Maduro’yu bugün kim destekliyor? Maradona.
Bu yeterli mi?”
Cumhuriyet yazarı, Venezuela’ya Rusya ve Çin başta olmak üzere pek çok ülkenin verdiği destekten habersiz görünüyor, ya da yalnızca ABD tarafından verilen desteği anlamlı buluyor.
Nuray Mert’e özenen Cerrahoğlu’nun önceki yazılarında da anti-komünizmini kustuğu ve Sovyetler Birliği’nin önemli lideri Stalin’i hedef aldığı görüyor.
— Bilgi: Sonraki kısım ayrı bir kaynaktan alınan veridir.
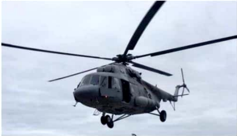
CD. LÁZARO CÁRDENAS, MICH.- Los cinco marinos fallecidos en el accidente aéreo radicaban en Lázaro Cárdenas, junto con sus familias.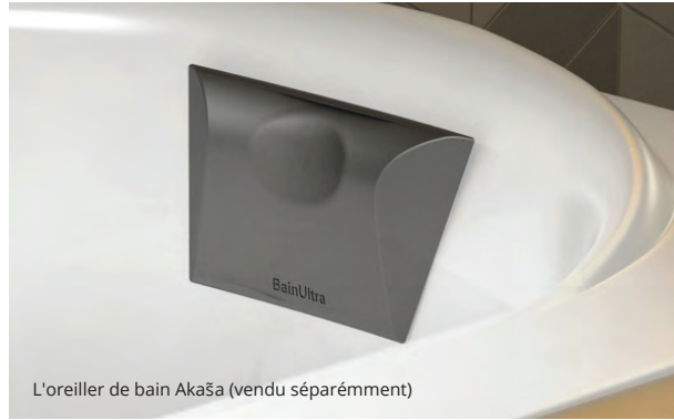
L'oreiller de bain Akaša (vendu séparément)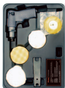
Kit 3129K (CPN: 80195605)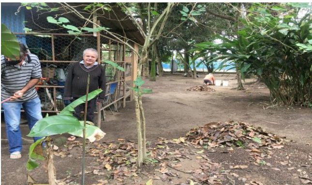
Oficina de Horta 07/10/2020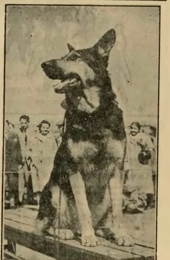
Staraniem Związku Kynologicznego została otwarta w Warszawie V Ogólnokrajowa Wystawa Psów Rasowych. — Na zdjęciu: Jednym z nagrodzonych psów został owczarek alpejski „Kip”.

Radzieckie przedsiębiorstwo filmowe „Glawkinoprokt” wypuściło już serię pierwszych w dziejach kinematografii filmów, zaopatrzonych w tego rodzaju ruchome napisy.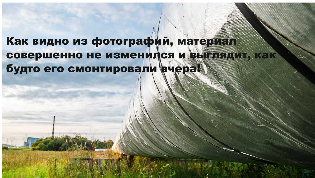
Фото и отзывы говорят сами за себя!

Отзывы были написаны в 2015 году! Но материал фотографировали в августе 2016г!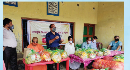
সমবেত মানুষদের উদ্দেশ্যে সম্পাদকের ভাষণ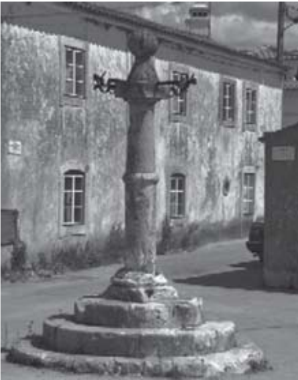
Pelourinho (Fonte: http:// topazio1950.blogs.sapo.pt ).

Essas discussões continuarão nas atividades práticas que fazem parte da finalização desta aula e do curso “Temas de História de Sergipe I”.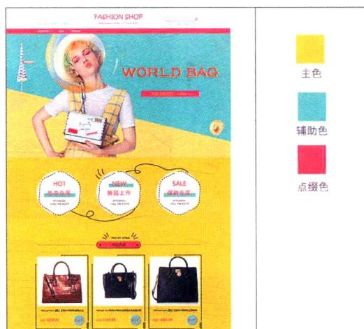
图1-9 主色、辅助色与点缀色

网店美工在搭配店铺的页面色彩时不能随心所欲，需要遵循一定的比例与程序。网店装修配色的黄金比例为“70：25：5”，其中，主色色域占总版面的70%，辅助色占25%，而其他点缀色占5%。网店装修的配色程序为：首先根据店铺类目选择占用大面积的主色，然后根据主色合理搭配辅助色与点缀色，用于突出页面的重点、平衡视觉效果。图1-9所示为主色、辅助色与点缀色的应用案例。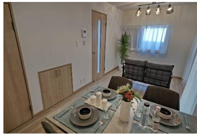
室内写真（※家具は別売りとなります。）

ローンお支払い例 セゾンファンデックス利用時 頭金114.0万円 借入金額2,658万円 変動金利3.6% 35年・ボーナス払いなし 月々 111,398円 投資用物件としても 想定月額賃料約195,000円×12ヶ月=年間収入2,340,000円 想定表面利回り約6.16%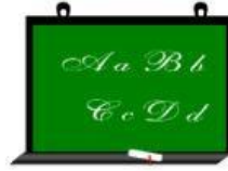
un tableau (noir / blanc)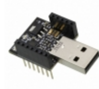
RFD22121 RF Digital RFDUINO USB SHIELD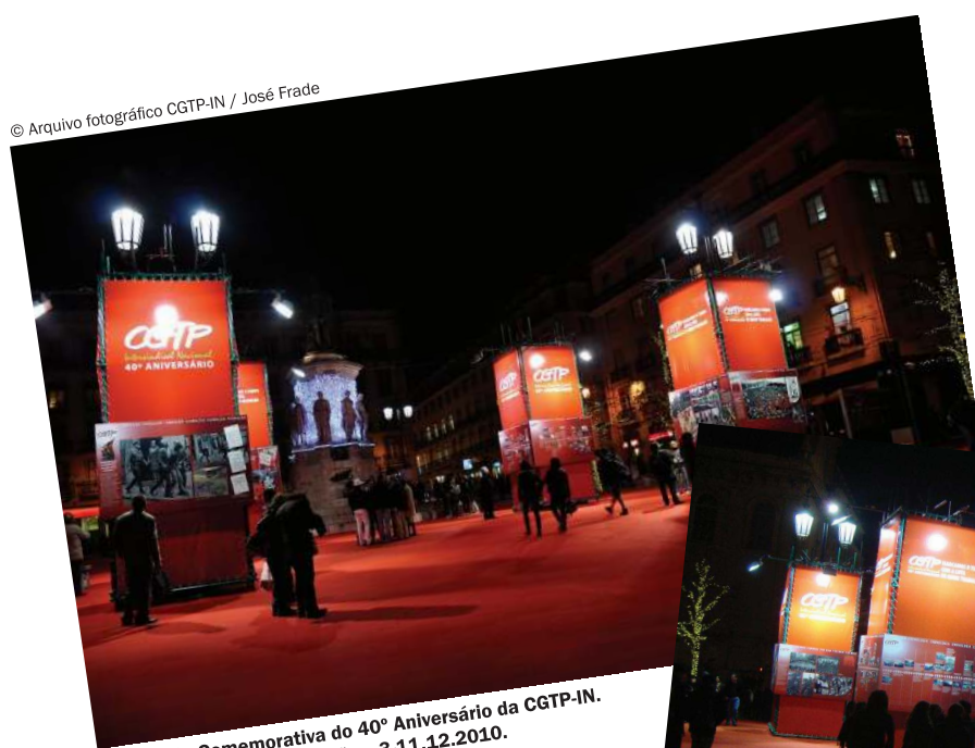
Exposição Comemorativa do 40º Aniversário da CGTP-IN. Lisboa, Praça Luís de Camões, 3-11.12.2010.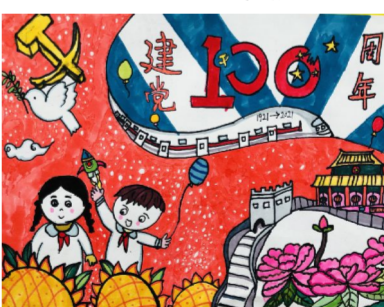
101 班 卓语垲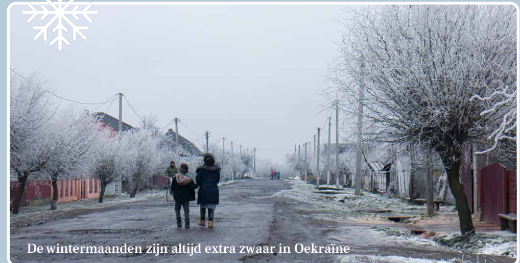
De wintermaanden zijn altijd extra zwaar in Oekraïne

Heeft u dit krantje uit....? Geef 'm door!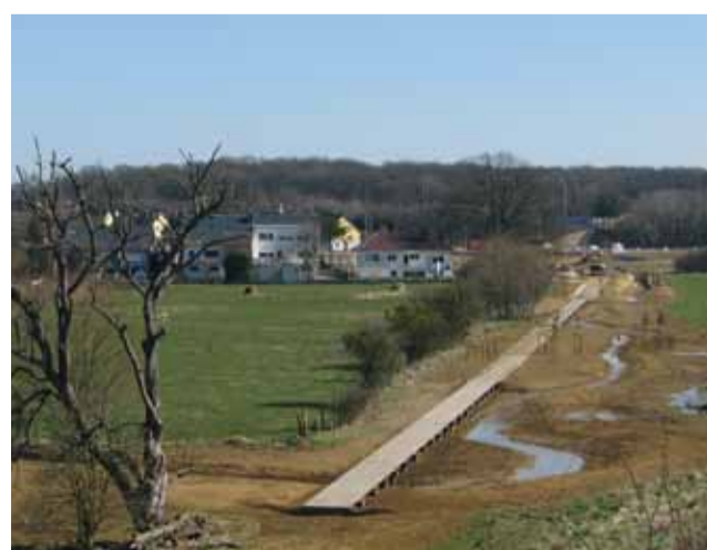
Neuer Zugang zum künftigen Park Krakelshaff Première amorce du futur parc Krakelshaff

Yazar 2 Temmuz 2017 tarihli yazısında “Stalin’in insanlık suçları okul kitaplarından bir bir temizlenirken, kanlı diktatörün imajı ulusa “Nazizme karşı zafer kazanan biricik kahraman” kontenjanından yeniden pompalanıyor” diyerek Stalin’e duyulan sevgiden rahatsızlığını dile getiriyor.
Aynı yazarın “Suudi Arabistan gibi bir ülke dahi yobazlığın ve bağnazlığın örtüsünü, utangaçça da olsa, aralamaya çalışıyor” diyerek Suudi Arabistan’ı övmesi, ülkenin “halkla ilişkiler” çalışmalarına destek olarak Suudi Arabistan’da “değişim” yaşandığını iddia etmesiyse şaşırtmıyor.